» PROMPT: Leave the pictures out. Retype exactly the lines below from the one containing "Mailingkarte: Jubiläumsverkauf" through the one containing "VINTAGE MILK CRATE, FOLDING", and no others.

» DATA SUPPLIED:
##########

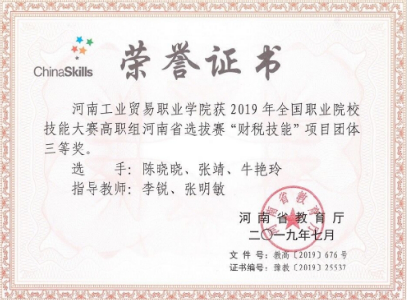 2.2019年省赛三等奖:“财税技能”赛项
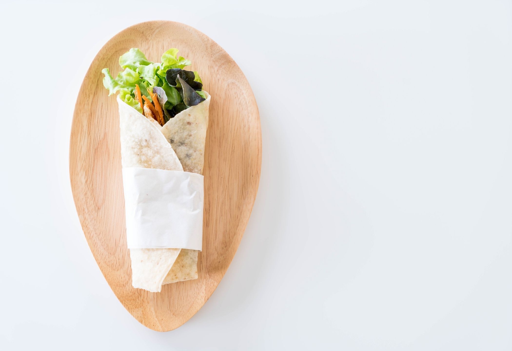 Tekerje fel a csomagolóanyagot erős csomagolásba, és ne használjon túl sok tölteléket. A tölteléket hosszában középre helyezzük, és az egész lapot megkenjük hummusszal vagy ragacsos szósszal. Ezután szorosan feltekerjük. Az aljára pedig egy szalvétát vagy egy darab alufóliát tekerhetsz, hogy kézből elfogyaszd.
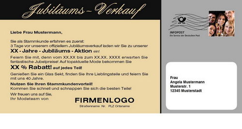 Mailingkarte: Jubiläumsverkauf
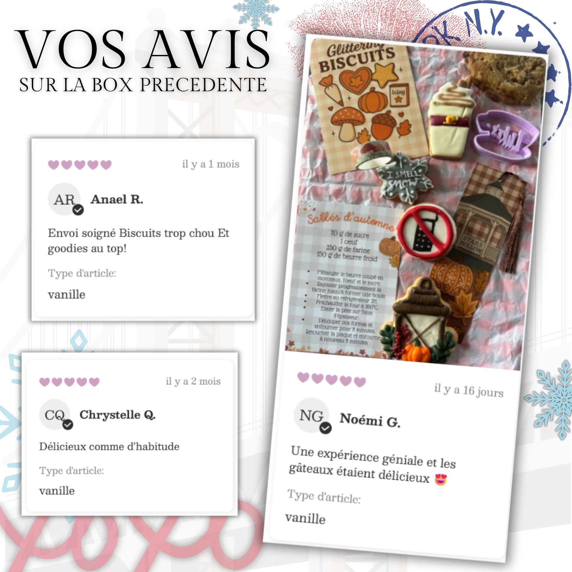 Des gourmandises artisanales (dont 4 biscuits décorés, parfum au choix vanille ou chocolat)
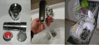 A la imatge es mostra con canviar un reductor de cabal i un rentaplats ple de vaixella
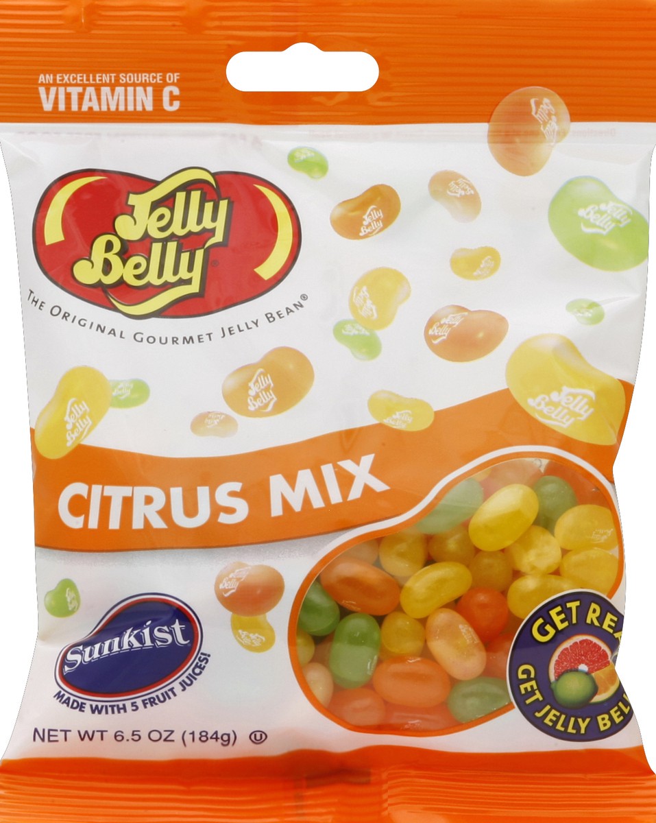 Sunkist lemon, Sunkist lime, Sunkist orange, Sunkist pink grapefruit, Sunkist tangerine. Naturally flavored. An excellent source of vitamin C. The original gourmet jelly bean. Made with 5 fruit juices…
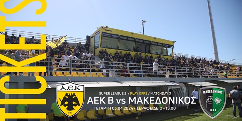Η ΠΑΕ ΑΕΚ ενημερώνει ότι έχει τεθεί σε λειτουργία το ηλεκτρονικό εισιτήριο για τον αγώνα ΑΕΚ B – ΜΑΚΕΔΟΝΙΚΟΣ για την 3η αγωνιστική των Play Offs της Super League 2, την Τετάρτη 3/4/2024 στις 15:00 Σεραφείδειο.
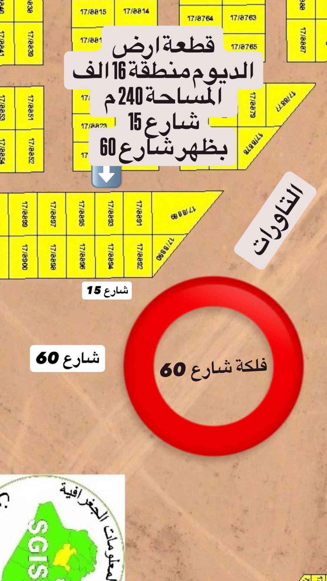 قطعة ارض الديوم منطقة 16 الف المساحة 240 م بظهر شارع 60 للأستفسار الأتصال ***********
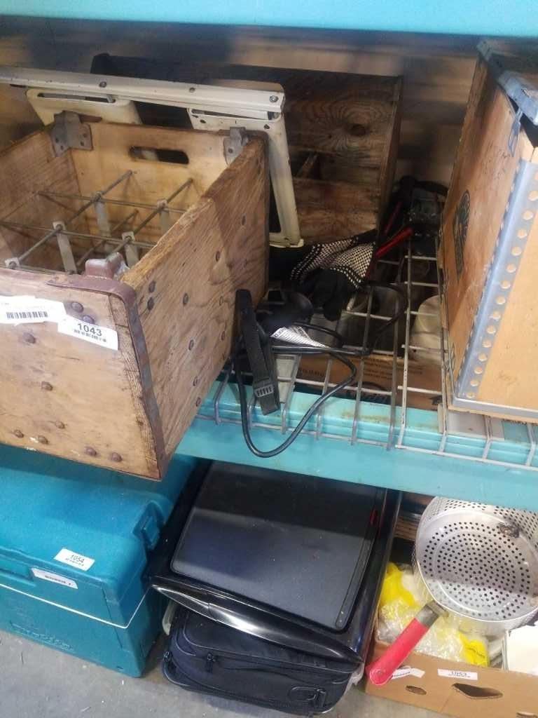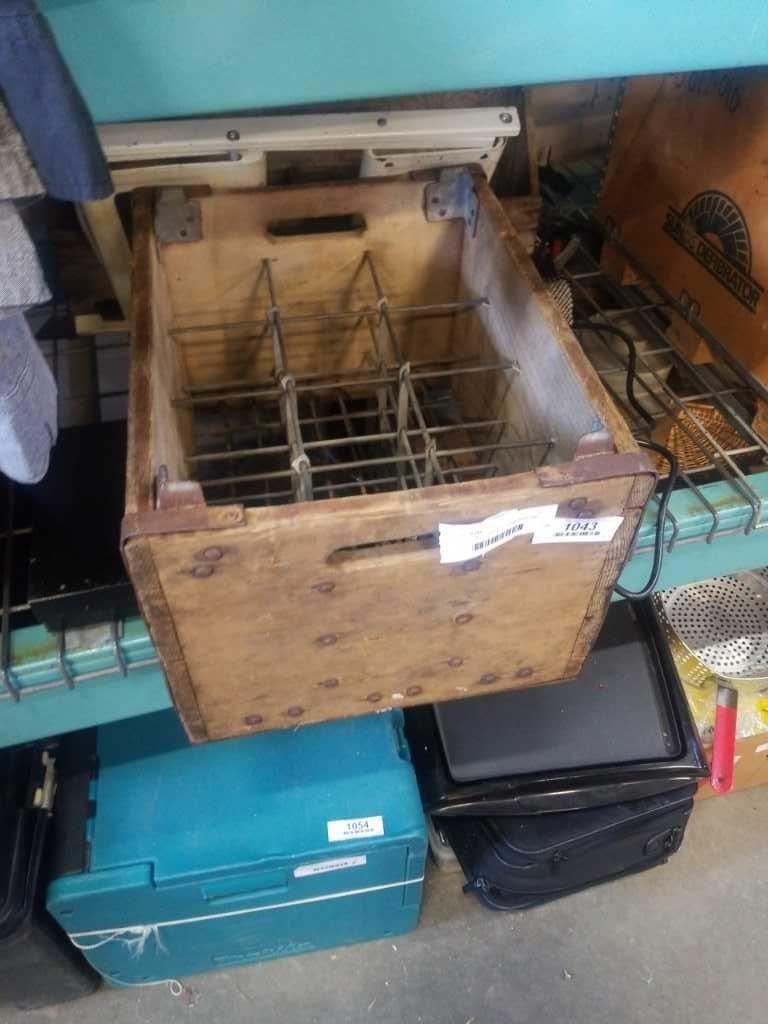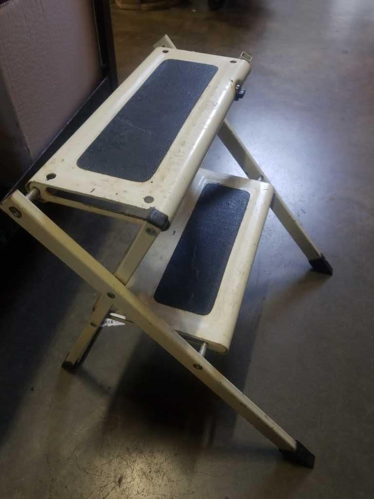 VINTAGE MILK CRATE, FOLDING STEP AND WOOD TOOL TRAY
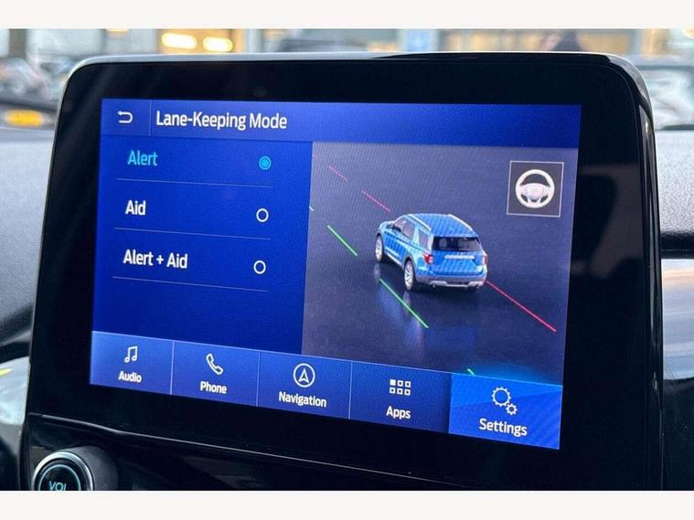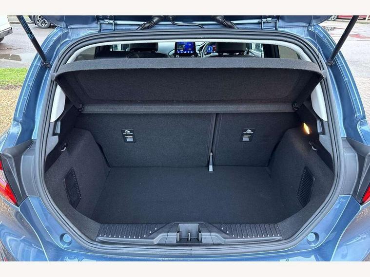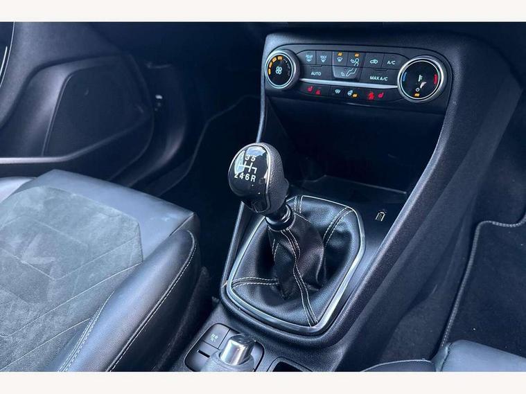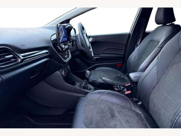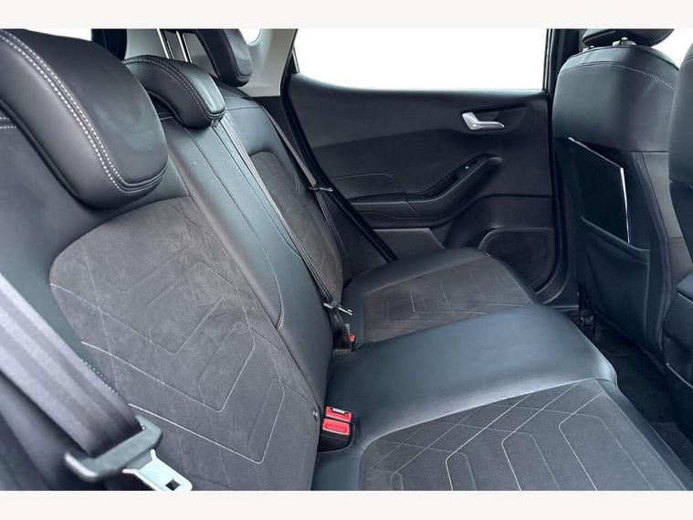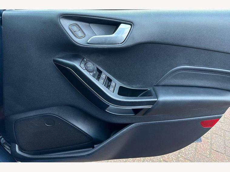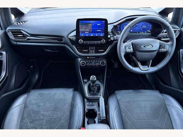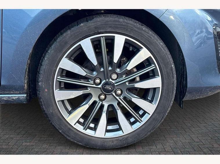 4.2" TFT instrument cluster screen, Bluetooth system, Electric power steering, Ford easy fuel, Rear parking distance sensors, Selectable drive modes (Normal, Sport, Track), Traffic sign recognition, Trip computer, 2 USB ports, Auxiliary input socket, B&O Premium audio system with 8" touchscreen, 10 speakers, 360 degree sound system, Ford SYNC 3 navigation system and Ford pass connect, DAB Digital radio, Steering wheel mounted controls, Auto high beam, Body colour bumpers, Body colour door handles, Body colour rear spoiler, Body coloured electrically operated and heated door mirrors with side indicators, Chrome beltline trim, Chrome front grille, Chrome lower window surround, Cornering front fog lights, Electric front windows/one touch facility, Electric rear windows, LED Night signature to rear lights, Power foldable door mirrors with puddle lights, Quickclear heated windscreen, Rain sensing wipers and auto dimming rear view mirror, Rear privacy glass, Rear wiper, 3 spoke leather trimmed steering wheel with audio control, 60/40 split folding rear seat, Adjustable head restraints, Boot carpet, Centre console with opening armrest, 2x cupholders, 12v and USB, Chrome inner door handles, Drivers and Passenger lumbar support, EATC - Electronic Auto Temperature control, Footwell illumination, Front floor mats in velour, Front map reading lights, Front seat and rear pockets, Height adjustable passenger seat, Illuminated glovebox, Leather gaiter, LED ambient lighting, Load area light, Luxury woven headliner, Manual 4-way driver seat adjust, Overhead console with sunglasses holder, Pollen filter, Rake/reach adjustable steering wheel, Sensico partial premium upholstery, Sensico wrapped steering wheel, NCAP Pack - Fiesta, 3 point seatbelts on all rear seats, ABS+EBA, Curtain airbags, Driver and passenger airbags, Drivers knee airbag, Electronic stability control with hill start assist, Front passenger airbag deactivation, Front side airbags, Seatbelt warning, Two tone horn, Tyre pressure monitoring system, Ford keyfree system with Keyless entry and keyless start, MyKey system, Remote central locking & engine immobiliser, Thatcham Cat.1 alarm, 17" 8 spoke alloy wheels,

##########

» EXERCISE SOLUTION:
 Mailingkarte: Jubiläumsverkauf
 Des gourmandises artisanales (dont 4 biscuits décorés, parfum au choix vanille ou chocolat)
 A la imatge es mostra con canviar un reductor de cabal i un rentaplats ple de vaixella
 Sunkist lemon, Sunkist lime, Sunkist orange, Sunkist pink grapefruit, Sunkist tangerine. Naturally flavored. An excellent source of vitamin C. The original gourmet jelly bean. Made with 5 fruit juices…
Η ΠΑΕ ΑΕΚ ενημερώνει ότι έχει τεθεί σε λειτουργία το ηλεκτρονικό εισιτήριο για τον αγώνα ΑΕΚ B – ΜΑΚΕΔΟΝΙΚΟΣ για την 3η αγωνιστική των Play Offs της Super League 2, την Τετάρτη 3/4/2024 στις 15:00 Σεραφείδειο.
 قطعة ارض الديوم منطقة 16 الف المساحة 240 م بظهر شارع 60 للأستفسار الأتصال ***********
 VINTAGE MILK CRATE, FOLDING STEP AND WOOD TOOL TRAY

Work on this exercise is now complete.